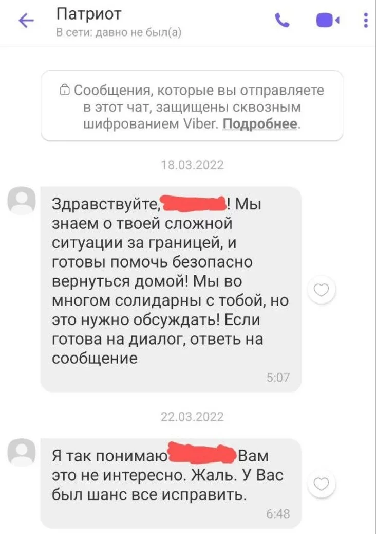 Наша трэцяя суразмоўца кажа, што атрымала прапанову «бяспечна вярнуцца на радзіму» яшчэ ў пачатку лютага гэтага года. Дзяўчына вяла дыялог, але ад супрацоўніцтва ўсё адно адмовілася.
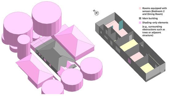 After the initial DesignBuilder model was developed (as shown in Figure 5), the model underwent a calibration process to ensure that the simulated indoor temperatures, calculated using the EnergyPlus (version 22.2.0) dynamic simulation engine, without heating and cooling, closely matched the actual indoor temperatures recorded over at least 14 consecutive days in both warm and cool months. The periods of 24 June to 8 July 2022 and 17 November to 1 December 2022 were identified as having no active air conditioning or heating in the study house.
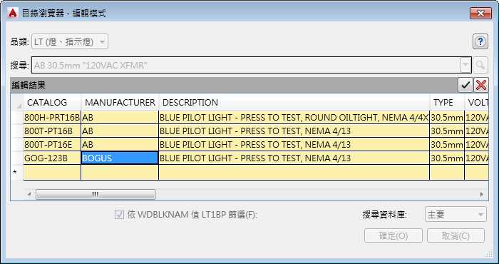 AutoCAD Electrical 提供了目錄資訊的範例。這些資訊保存在已植入了範例供應商資料的 Access 資料庫檔案 (.mdb) 內的表格中。
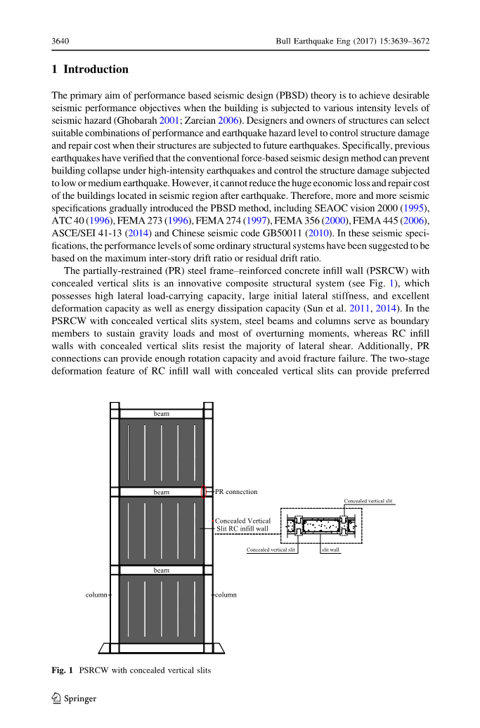 部分约束钢框架-竖向暗缝钢筋混凝土填充墙结构的性能水平限值及损伤评估外文翻译资料
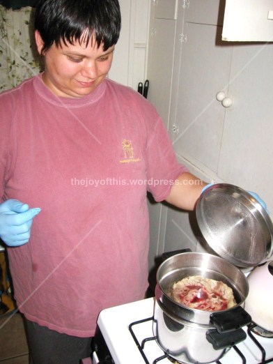 She then took the placenta and placed it in a double broiler to steam (she provided everything; none of my own pots and pans, bowls or knives were used). Surprisingly enough, there was not an odor while cooking. In fact, I couldn’t smell anything other than the herbs she added to the placenta.
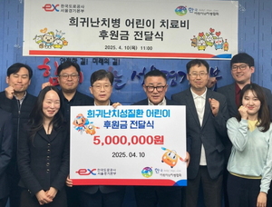 (서울일보/송완식 기자) 한국도로공사 서울경기본부는 희귀난치병으로 투병 중인 지역사회 어린이 5명에게 총 500만 원의 치료비를 후원하며 따뜻한 나눔을 실천했다.이번 후원은 생명나눔 사회공헌활동의 일환으로 치료비 부담을 덜고자 마련됐다. 후원금 전달식은 10일 오전 11시 도공 서울경기본부에서 열렸으며 김재빈 관리처장과 한국어린이난치병협회 윤완채 운영회장을 비롯한 양 기관 관계자들이 참석했다.후원 대상은 협회의 추천을 통해 선정된 희귀난치병을 앓고 있는 어린이 5명으로 △레트증후군(신경 발달 장애), △펠리제우스-메르츠바하병(희귀...
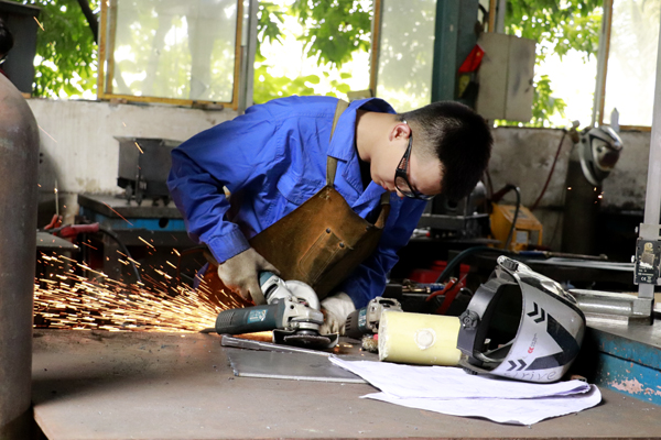 圖為第46屆世技賽建筑金屬構(gòu)造項目集訓選手正在中國十九冶攀枝花技師學院緊張訓練。
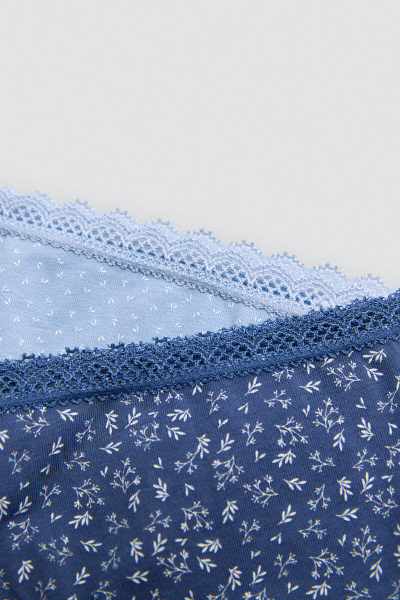 Incluye dos modelos coordinados: una braguita azul marino con estampado floral y otra azul claro con microestampado. Su corte midi aporta una cobertura equilibrada, favorecedora y práctica para llevar a diario.
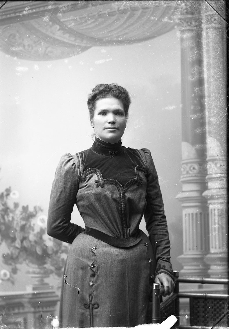 Porträtt av okänd kvinna i mörk klänning med markerad midja.
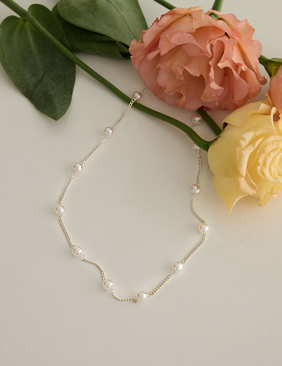 商品名稱:微光珍珠串鎖骨鍊(銀)
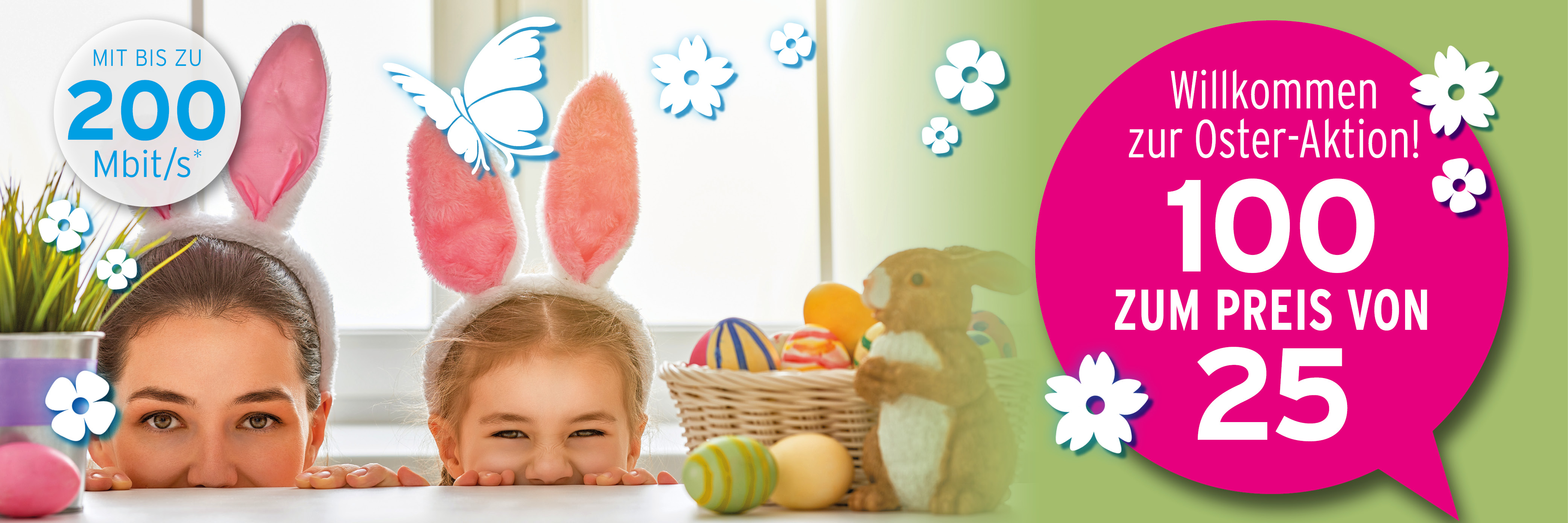 Für Neubestellungen* vom 13.04.2022 bis 25.04.2022 legen wir zu Ostern unseren beliebten Cyber Deal ins Körbchen: 100 Mbit/s buchen, aber in den ersten 12 Monaten nur 25 Mbit/s bezahlen! Nach Abschluss der ersten 12 Monate entscheiden Sie sich dann einfach in welchen Tarif Sie dauerhaft wechseln möchten!
======
GOAL OF THE EXERCISE:
Omit all pictures, and repeat exactly the lines from the line containing "商品名稱:微光珍珠串鎖骨鍊(銀)" through the end of the data.

REPLY TO THE EXERCISE:
 商品名稱:微光珍珠串鎖骨鍊(銀)
 Für Neubestellungen* vom 13.04.2022 bis 25.04.2022 legen wir zu Ostern unseren beliebten Cyber Deal ins Körbchen: 100 Mbit/s buchen, aber in den ersten 12 Monaten nur 25 Mbit/s bezahlen! Nach Abschluss der ersten 12 Monate entscheiden Sie sich dann einfach in welchen Tarif Sie dauerhaft wechseln möchten!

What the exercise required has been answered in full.